PLEASE READ BEFORE SIGNING:
With completion of this Application for Employment an investigative consumer report may be prepared whereby information is obtained through reference interviews with your former employers and friends, or other acquaintances. Such an inquiry would include information as to character, general reputation and personal characteristics. You have the right to make these request (whether oral or written) within a reasonable period of time to receive additional detailed information about the nature and scope of this investigation.
I authorize you to communicate with persons listed as references, former employers, and any others with whom you desire to check, unless I specifically state such persons as current employers not to contact that may cause tension with my employment. YOU ARE HEREBY AUTHORIZED TO MAKE ANY INVESTIGATION OF MY PERSONAL EMPLOYMENT, FINANCIAL OR ANY OTHER RELATED MATTERS CONSIDERED NECESSARY. I HEREBY RELEASE EMPLOYERS, SCHOOLS, PHYSICANS OR PERSONS FROM ALL LIABLITY IN RESPONDING TO INQUIRIES IN CONNECTION WITH MY APPLICATION – this will be done in compliance with the Fair Credit Reporting Act of 1970 and the Consumer Credit Reporting Reform Act Of 1996. I also understand that a SLED check will be completed prior to my employment offer. Under the Code of Laws for SC, I understand I must comply with Title 40 Chapter 80 Section 40-80-20 of the Code of Laws of South Carolina for Employment of Firefighters.
I also understand I must supply a copy of my driver’s license and driving record for purposes of insurability to drive Reidville Area Fire District’s Emergency Apparatus.
If employed, I agree to engage in no outside activity which would involve a material conflict of interest with, or which could reflect adversely on Reidville Area Fire District (here after known as “the Company”). I understand this decision is to rest with the Company.
If employed, I agree to hold in strictest confidence any information concerning the Company which may come to my knowledge. In consideration of my employment, if I am employed, I agree to conform to the employment policies of the Company, and I understand that my employment and compensation can be terminated, with or without notice, at any time, at the option of either the Company or myself.

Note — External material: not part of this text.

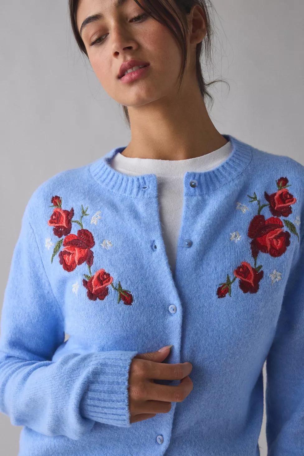 Our best-selling Kimchi Blue Rachel cardigan is made special with floral embroidered details to add a femme touch to any outfit. Cardigan sweater in a slim fit featuring a crew neckline, long sleeves, buttons down the front and ribbed trims throughout. Perfect layered & on its own! Find it only at UO.

I understand that completion of this Application for Employment does not guarantee that I have been employed by the Company.
I hereby affirm that my answers to these statements and questions are true and correct to the best of my knowledge. I have not knowingly withheld any fact or circumstance that would, if disclosed, affect my application unfavorably.
I understand that any misrepresentation, deception, or false statement made in this Employment Application may result in my not being considered for employment, and if not discovered by the Company until after my becoming employed, is grounds for, and may result in, my immediate termination.
I understand that the Company requires the successful completion of a urinalysis for drug testing purposes and/or a blood alcohol test as a condition of employment. By submitting this Application for Employment, I hereby consent to either or both of said tests, at the Company's discretion.
I UNDERSTAND THAT THIS APPLICATION WILL REMAIN ACTIVE FOR SIX (6) MONTHS.